22 April 2015: It was a bright sunny morning and the taxi driver was keen to impart his tricks for the best route into town. (Look, no traffic lights!) It was also the day I was offered the job on Linguistic DNA.
Before Linguistic DNA, I looked to EEBO-TCP to provide context for shifts in the language of bible translation. It was quantifiable language data, enabling me to work out a loose comparison between the first century of English print (-1569) and the fifty years that followed (-1619) and so sample language change between Geneva and King James. This was especially applicable to my work with translations of the Hebrew chayil. Forms of valour are rare in (what survives of) English (in print) pre-1570, but “mighty man of valour” became the dominant translation for the Hebrew phrase ish gibbor chayil in the King James Version of the Bible. There are thirty times as many instances of valour in the later period, though the document count increases only three-fold. The astute will wonder whether this might be a case of documents getting longer or using the term more densely. At best, statistics raise questions rather than providing answers, and it’s not my intention to deal with the questions my deliberately provocative statistic raises here.
22 April 2016: A year on, LDNA has strategies to query the fullness of EEBO-TCP (not to be confused with the fullness of English print from the period) and illuminate not only the distribution of individual lemmas, but collective relationships between groups of words; as well as plentiful ideas to expand those queries. As we move closer to a point of analysis and interpretation, we need to treat our processor’s outputs with ever increasing awareness of the heterogenous nature of EEBO-TCP, the diversity (and sometimes perversity) of what’s in it. (LDNA blog readers can expect reflections on the representativeness of EEBO in a future post.)
Personally, I look forward to scrutinising one of the special issues affecting our data: English as a vehicle for translation. Many of the longest texts printed in sixteenth-century England were translations (and the shorter ones too!). It is in translated texts that a majority of the early “valours” can be found. Is this about genre? (The popularity of knights’ legends and their association with valour and its cognates?) Or the priming of the translator’s lexicon, likely to use Latinate language where French had gone before? Will our analysis show up pairings in line with Gideon Toury’s hypothesis—that where the target language lacks prestige (and the translator confidence) doublets are used to express an idea that took up only one term in the source?

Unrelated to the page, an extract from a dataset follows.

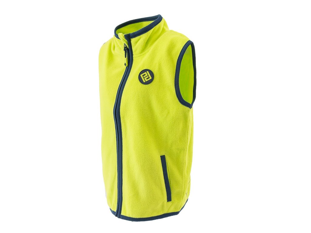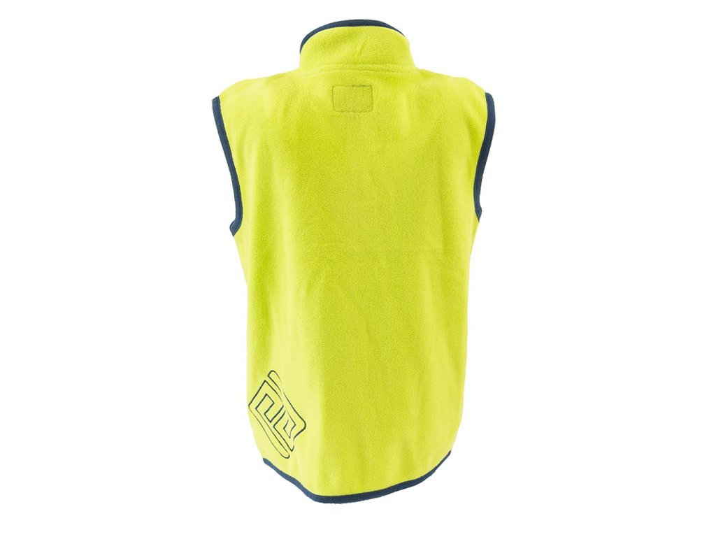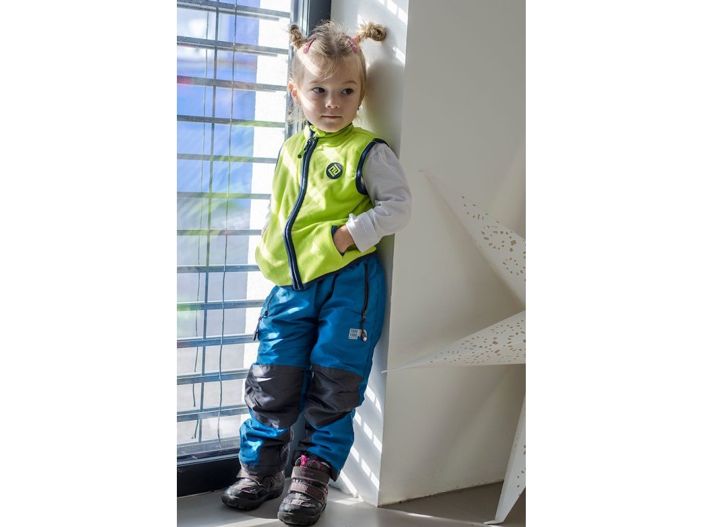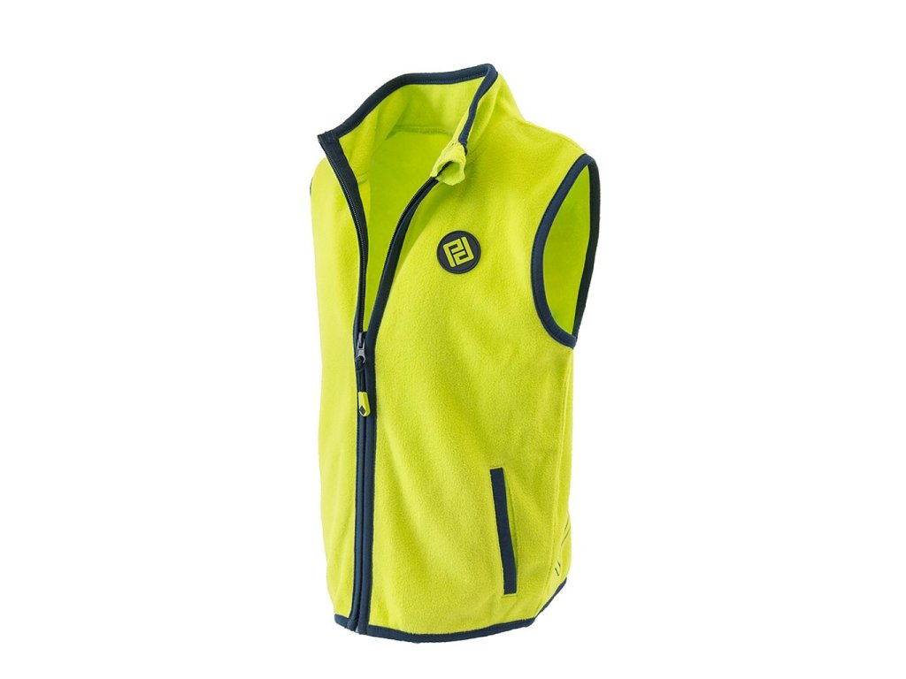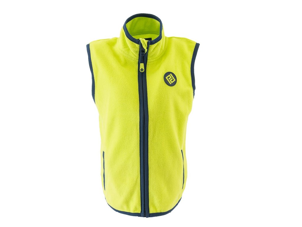 Dětská propínací fleezová vesta. Stojací límec, dvě kapsy, barevné kontrastní lemy.

Valour, I should note, is not the kind of epi-concept Linguistic DNA expects to expose; but if a word is known by the company it keeps, it is relevant to ask how much of that company migrates between languages, and to wonder how we (in an evolution of the present project, perhaps) can assess that. How might computational approaches take into account the prevalence of translation in early modern English? A thorough answer is I suspect beyond the scope of LDNA; but in the next few months, in consideration of the contextual research theme (RT1), I shall continue to mull over the question of how translated texts contribute to concept formation—and have pledged some first reflections on this at SHARP 2016.
 The quantity of printed works increases throughout the period. Anupam Basu’s image effectively illustrates the relationship between what has survived to be catalogued in the ESTC and what has been transcribed for EEBO-TCP, as well as the growth in both across time.
 It would be better to observe that, those who want to take token counts into question are presently well advised to make use of Andrew Hardie’s CQPweb interface—while noting that his EEBO-TCP v 3.0 contains rather less of EEBO-TCP than is now available to UK universities via JISC.
 See G. Toury, Descriptive Translation Studies and Beyond (John Benjamins Publishing, 1995) 102-112.